A.M. Best has affirmed the Financial Strength Rating of A (Excellent) and the Long-Term Issuer Credit Rating of "a+" of Travelers Insurance Company Limited (TICL) (United Kingdom). The outlook of these Credit Ratings (ratings) remains stable.
The ratings of TICL reflect the support provided by St. Paul Fire and Marine Insurance Company (SPFM) in the form of an explicit guarantee covering all of TICL's liabilities arising from its underwriting activities. SPFM is a subsidiary of TICL's ultimate parent, The Travelers Companies, Inc. (Travelers). A.M. Best believes Travelers remains committed to TICL, which is its main underwriting operation in the United Kingdom and Ireland. The ratings also reflect TICL's solid stand-alone risk-adjusted capitalisation. Offsetting these strengths is the company's weak underwriting performance.
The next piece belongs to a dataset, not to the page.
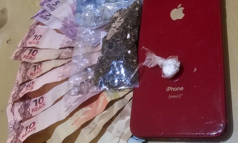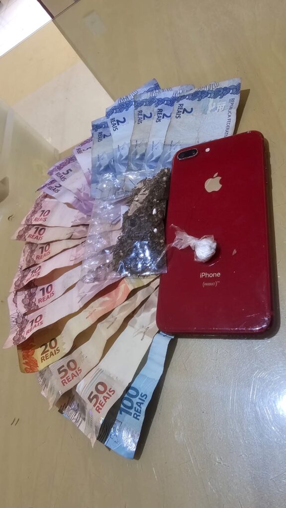 Durante as buscas no interior do imóvel, realizadas com o apoio de um cão farejador, os policiais localizaram uma pequena porção de substância análoga à cocaína, além de uma quantidade de maconha acondicionada em embalagem plástica. No local também foram encontrados dinheiro em espécie, em notas diversas, e materiais comumente utilizados para o acondicionamento de entorpecentes.

TICL maintains solid risk-adjusted capitalisation with a sufficient cushion to absorb higher-than-expected losses. Shareholders' funds fell to GBP 454 million in 2015 (2014: GBP 504 million) but are expected to increase by approximately 5-10% in 2016 supported by positive underwriting and investment earnings.
The company is a specialist underwriter of liability and commercial property business in the U.K. Gross written premium (GWP) is expected to decline by about 10% in 2016, reflecting sustained competitive conditions in TICL's core markets and its exit from certain classes to address profitability challenges. GWP is expected to show modest growth in 2017, supported by targeted rate increases and recently launched products.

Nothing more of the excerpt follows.